Characterization of HFB-only spheroid cellular phenotypes and gene expression

We collected bright-field images of the spheroids with 100 μm, 200μm and 300μm diameters as shown in Fig. 2 A-C at day 1, 5 and 7 post-fabrication. The statistics on diameter change over time (Fig. 2 D-F) indicates the spheroids became denser over time, becoming mature in size after 5 days of culture in non-adhesive agarose hydrogel molds. H&E staining (Fig. 2 G-I) was conducted to investigate the presence of necrosis and apoptotic cells in the spheroids. The results showed that there was no detectable necrosis or apoptotic signs in the spheroids, which is consistent with Caspase-3 staining (Fig. 1 A-C).

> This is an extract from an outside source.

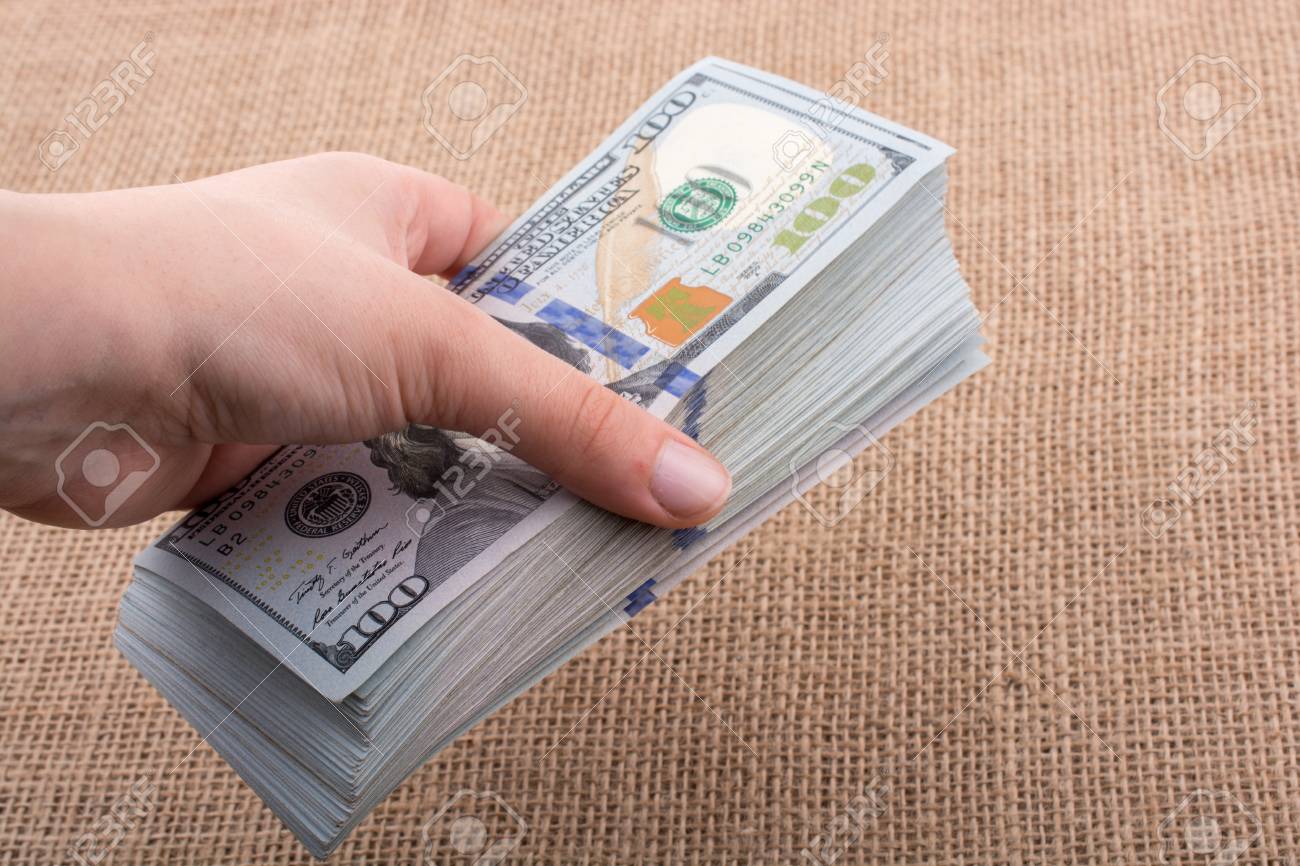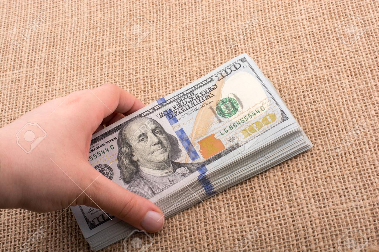 Immagini Stock Mano Che Tiene La Banconota Del Dollaro Del Dollaro Americano Su Uno Sfondo Di Tela Di Lino Image 86174417

In addition, the immunofluorescent staining (Fig. 2 J-L) of proliferation marker (Ki67) suggests that the majority of fibroblasts maintained their proliferative phenotype while a few showed an activated myofibroblast phenotype with expression of alpha smooth muscle actin (αSMA). The qPCR data demonstrated that fibroblasts in the 3D spheroids had significantly higher expression levels of fibrosis genes (αSMA and collagen-1) compared to the 2D monolayer culture used as control. The spheroids with 200μm diameter showed the highest expression level of fibrosis genes among all groups due to significantly lower expression levels of matrix metalloproteinases genes such as MMP1, MMP2 and MMP7 (Fig. 2 M-Q).

figure 2.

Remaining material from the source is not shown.